For a triangular face ABC of the surface representation, with vertex coordinates \mathbf{a}=[x_A \; y_A \; z_A]', \mathbf{b}=[x_B \; y_B \; z_B]', and \mathbf{c}=[x_C \; y_C \; z_C]', the area is |\mathbf{u} \times \mathbf{v}|/2, where \mathbf{u} = \mathbf{a}-\mathbf{c}, \mathbf{v} = \mathbf{b}-\mathbf{c}, \times represents the cross product, and the bars |\;| represent the vector norm. Even though such area per face (i.e., facewise) can be used in subsequent steps, most software packages can only deal with values assigned to each vertex (i.e., vertexwise). Conversion from facewise to vertexwise is achieved by assigning to each vertex one-third of the sum of the areas of all faces that meet at that vertex (Winkler et al., 2012).

Cortical thickness

The thickness at each vertex is computed as the average of two distances (Fischl and Dale, 2000; Greve and Fischl, 2018): the first is the distance from each white surface vertex to their corresponding closest point on the pial surface (not necessarily at a pial vertex); the second is the distance from the corresponding pial vertex to the closest point on the white surface (again, not necessarily at a vertex). Other methods are possible, however, see table below (adapted from Lerch and Evans, 2005):

Method Reference
Distance solved using the Laplace’s equation. Jones et al. (2000)
Distance between corresponding vertices. MacDonald et al. (2000)
Distance to the nearest point in the other surface. MacDonald et al. (2000)
Distance to the nearest point in the other surface, computed for both surfaces, then averaged. Fischl and Dale (2000)
Distance along the normal. MacDonald et al. (2000)
Distance along the iteratively computed normal. Lerch and Evans (2005)

Cortical volume

Product method

If the area of either of these surfaces is known, or if the area of a mid-surface, i.e., the surface running half-distance between pial and white surfaces is known, an estimate of the volume can be obtained by multiplying, at each vertex, area by thickness. This procedure is still problematic in that it underestimates the volume of tissue that is external to the convexity of the surface, and overestimates volume that is internal to it; both cases are undesirable, and cannot be solved by merely resorting to using an intermediate surface as the mid-surface.
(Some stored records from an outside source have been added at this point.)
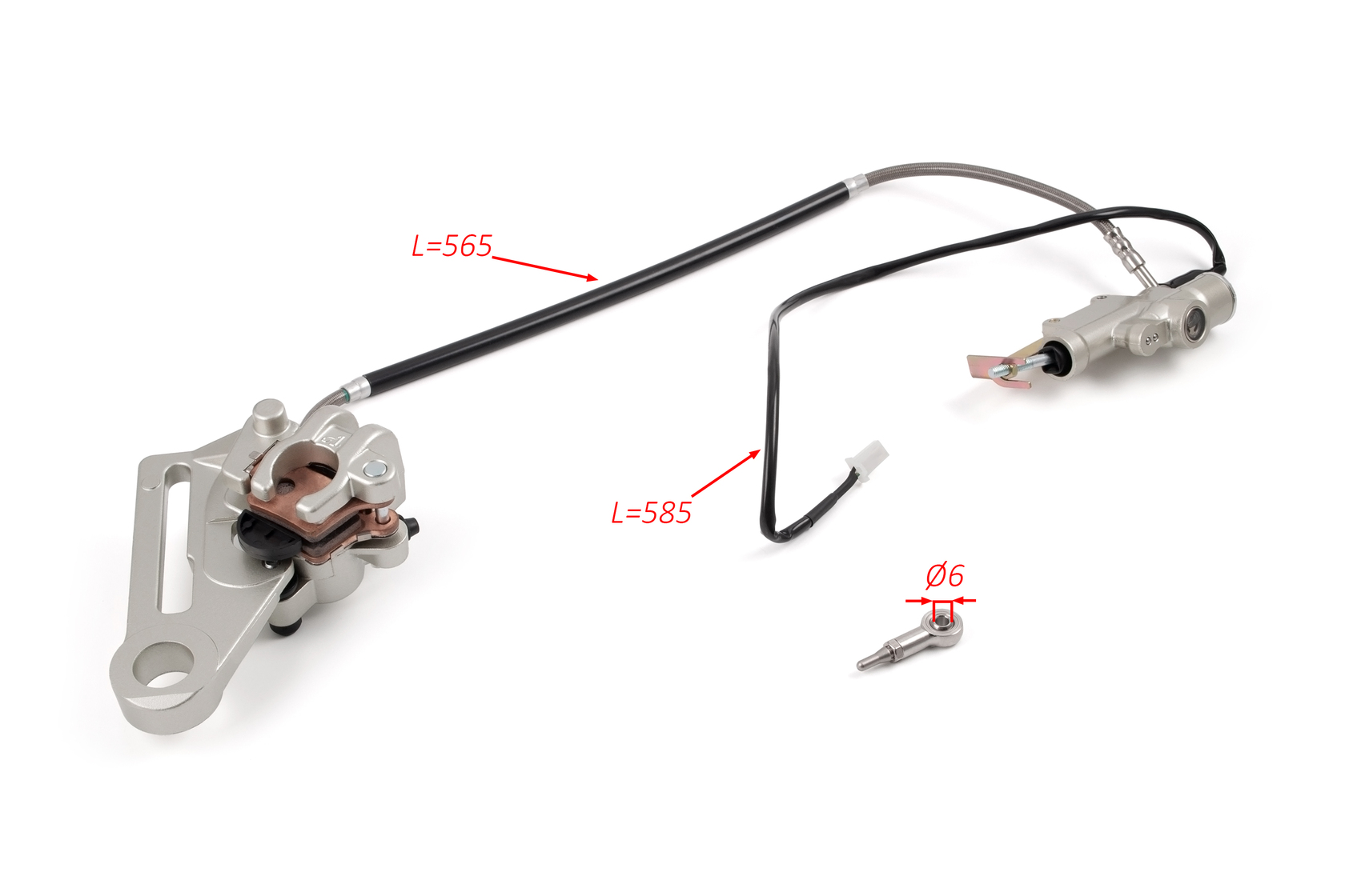 • • В комплекте: главный тормозной цилиндр, суппорт, тормозные колодки, армированная гидролиния, крепёж, концевик под стоп-сигнал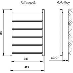 Полотенцесушитель электрический Тера Ребро 400х600 с греющим кабелем, 4 перекладины (ПСН-10-01)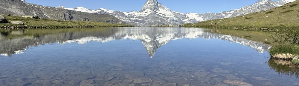 從纜車站出發,一路往上走,坡度不大,很好走。第一個湖Stellisee,湖形比較狹長,是看馬特洪峰倒影的好地方。剛到時水面上有些漣漪,山的倒影並不清楚。由於我們在這裡停留的時間夠長,湖面平靜時馬特洪峰的倒影終於出現了。今天的倒影比昨天在利菲爾湖的更清晰,不過今天距離馬特洪是更遠的。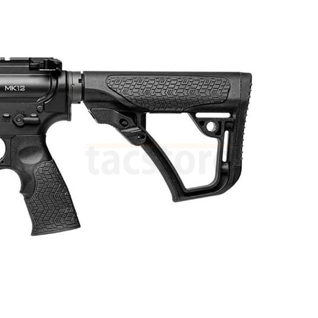 The Daniel Defense MK12 5.56 NATO is the evolution of the special purpose rifle, built around an 18-inch Cold Hammer Forged stainless steel barrel that features a chamber formed during the Cold Hammer Forging process for exceptional chamber-bore alignment. This, together with a DLC finish, delivers unprecedented accuracy and long-term durability. The MK12 uses a rifle-length direct impingement gas system with the MK12 low-profile gas block built to Crane specifications, and is fitted with a 12-inch free-floating Picatinny quad rail to accommodate optics and mission accessories.

Figure 1: A diagram in two dimensions of the problem of measuring the cortical volume. If volume is computed using the product method (a), considerable amount of tissue is left unmeasured in the gyri, or measured repeatedly in sulci. The problem is minimised, but not solved, with the use of the mid-surface. In the analytic method (b), vertex coordinates are used to compute the volume of tissue between matching faces of white and pial surfaces, leaving no tissue under- or over-represented.

Analytic method

In Winkler et al. (2018) we propose a different approach to measure volume. Instead of computing the product of thickness and area, we note that any pair of matching faces can be used to define an irregular polyhedron, of which all six coordinates are known from the surface geometry. This polyhedron is an oblique truncated triangular pyramid, which can be perfectly divided into three irregular tetrahedra, which do not overlap, nor leave gaps.
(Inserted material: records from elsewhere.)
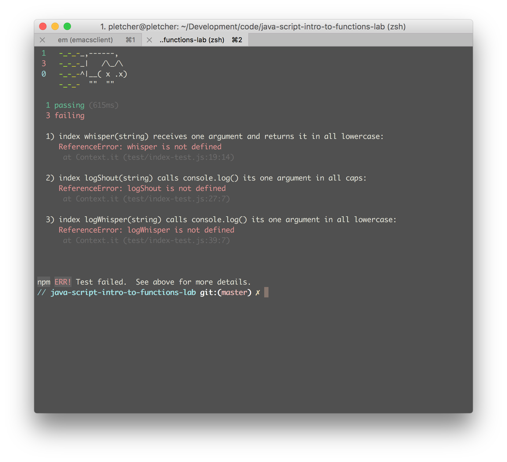 Hm, that's kind of disappointing. Let's see if we can get that first test to pass. Open up index.js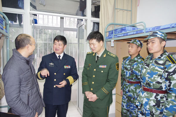 国防生代表向刘处长一行汇报了日常管理、学习和训练的相关情况,并提出了相关意见和建议。刘处长对国防生们提出的问题一一进行了解答,并要求国防生提高政治素养,勤奋学习,争做优秀国防生。刘处长一行人还走访了国防生宿舍,充分肯定了同学们良好的精神状态以及目前所取得的成绩。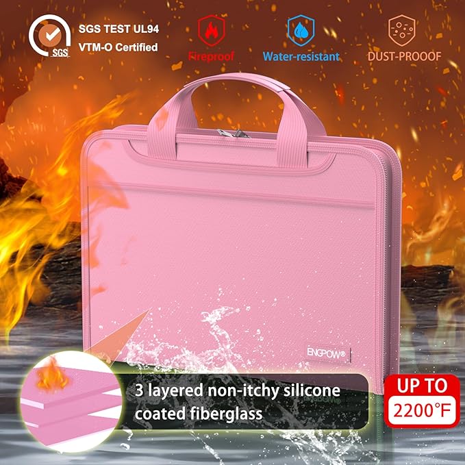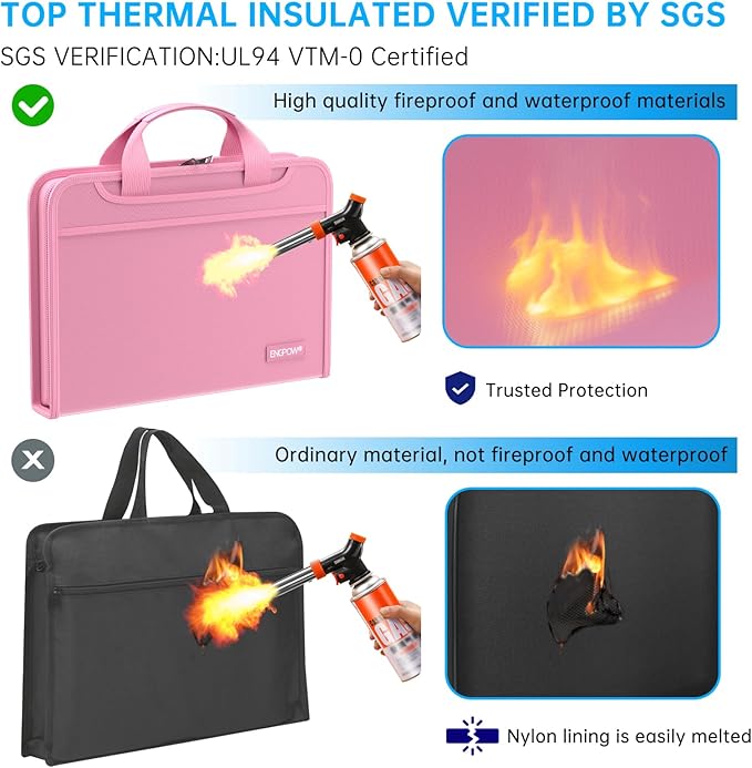 - High-Quality Materials: Protect your files with ENGPOW fireproof accordion file organizer.It is made of 3-layered non-itchy silicone-coated fiberglass which withstand the temperature up to 2200℉.It has been passed by SGS TEST(UL94 VTM-0 Certified).Fireproof File Folder is fireproof&Water-resistant,which can effectively protect your important documents in a fire,flood,and wet weather. They will further keep your files intact.Giving you time to save your important documents when disaster strikes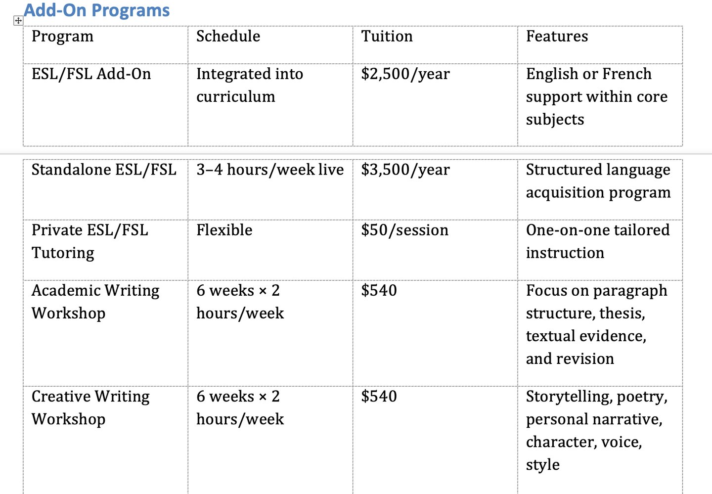 Program availability and enrollment options vary by format. Families are encouraged to contact us directly to discuss eligibility, scheduling, and program details.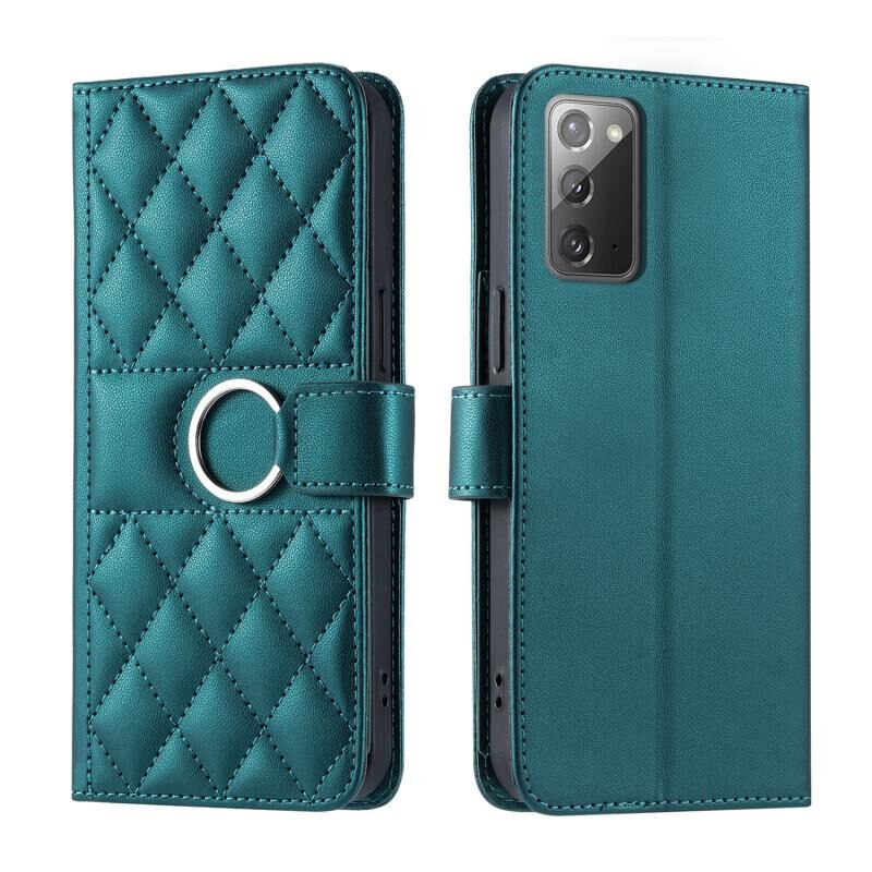 For Samsung Galaxy Note20 Ring Buckle Rhombic Leather Phone Case(Green)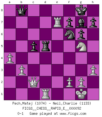 Last move : 0-1 2013 April 1 3:18:56 [Event "FICGS__CHESS__RAPID_E__000092"] [Site "FICGS"] [Date "2012.12.09"] [Round "1"] [White "Pech,Matej"] [Black "Neil,Charlie"] [Result "0-1"] [WhiteElo "1074"] [BlackElo "1133"] 1.d4 Nf6 2.c4 c5 3.d5 b5 4.cxb5 a6 5.bxa6 Bxa6 6.Nc3 d6 7.Nf3 g6 8.e4 Bg7 9.Bxa6 Rxa6 10.O-O Nbd7 11.a4 O-O 12.Qc2 Nb6 13.Re1 Qc7 14.b3 Rfa8 15.Bb2 Rb8 16.Nb5 Qd7 17.h3 Na8 18.Rad1 Nc7 19.Nxc7 Qxc7 20.e5 dxe5 21.Bxe5 Qb6 22.Bxb8 Qxb8 23.Rxe7 Rd6 24.Ng5 Rxd5 0-1 Benko gambit accepted Kingside Castling by player White (move 10) Kingside Castling by player Black (move 11) Player Black won this chess game. Follow this game move after move (download)If your opponent cannot do anything active, then don't rush the position; instead you should let him sit there, suffer, and beg you for a draw. (Jeremy Silman) Privat ist Kortschnoi kein schlechter Mensch, sehr sympathisch. Aber während des Spiels ist er grausam. Er will dich töten. (Miguel Najdorf) Una victoria por una combinación errónea, aunque sea espectacular, me llena de horror artístico. (Wilhelm Steinitz) Les échecs, c'est la lutte contre l'erreur. (Johannes Zukertort) Shallow men believe in luck. Strong men belive in cause and effect. (Ralph Waldo Emerson)
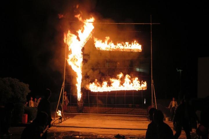 両日とも天候に恵まれ,前夜祭では,野外ライブ,太鼓演奏,トーチトワリング,火文字など,感動のパフォーマンスが披露されました。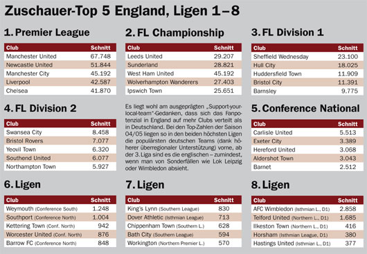 Es liegt wohl am ausgeprägten „Support-yourlocal- team“-Gedanken, dass sich das Fanpotenzial in England auf mehr Clubs verteilt als in Deutschland. Bei den Top-Zahlen der Saison 04/05 liegen so in den beiden höchsten Ligen die populärsten deutschen Teams (dank höherer überregionaler Unterstützung) vorne, ab der 3. Liga sind es die englischen – zumindest, wenn man von Sonderfällen wie Lok Leipzig oder Wimbledon absieht.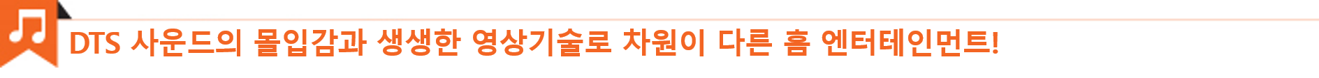 또한, 객체 기반 사운드에 상하를 표현하는 높이(height) 요소를 추가한 서라운드 사운드 기술 DTS 버추얼:X는 천장에 스피커를 설치하지 않아도 소리의 방향 및 위치에 높낮이까지 반영해 보다 사실적인 콘텐츠 감상을 지원합니다. 하나의 콘텐츠에도 다양한 사운드 요소가 적용되는 요즘, 방안을 가득 채우는 DTS의 입체 음향으로 영화, 게임, 그리고 음악에 몰입감을 더해보세요!

Figure 2: A 3D diagram with the proposed solution to measure the cortical volume. In the surface representation, the cortex is limited internally by the white and externally by the pial surface (a). These two surfaces have matching vertices that can be used to delineate an oblique truncated triangular pyramid (b) and (c). The six vertices of this pyramid can be used to define three tetrahedra, the volumes of which are computed analytically (d).

From the coordinates of the vertices of these tetrahedra, their volumes can be computed analytically, then added together, viz.:

  1. For a given face A_w B_w C_w in the white surface, and its corresponding face A_p B_p C_p in the pial surface, define an oblique truncated triangular pyramid.
  2. Split this truncated pyramid into three tetrahedra, defined as:
    \begin{array}{lcllllll} T_1 &=& (&A_w,&B_w,&C_w,&A_p&)\\ T_2 &=& (&A_p,&B_p,&C_p,&B_w&)\\ T_3 &=& (&A_p,&C_p,&C_w,&B_w&) \end{array}
  3. For each such tetrahedra, let \mathbf{a}, \mathbf{b}, \mathbf{c} and \mathbf{d} represent its four vertices in terms of coordinates [x\;y\;z]'. Compute the volume as |\mathbf{u}\cdot(\mathbf{v} \times \mathbf{w})|/6, where \mathbf{u} = \mathbf{a}-\mathbf{d}, \mathbf{v} = \mathbf{b}-\mathbf{d}, \mathbf{w} = \mathbf{c}-\mathbf{d}, the symbol \times represents the cross product, \cdot represents the dot product, and the bars |\;| represent the vector norm.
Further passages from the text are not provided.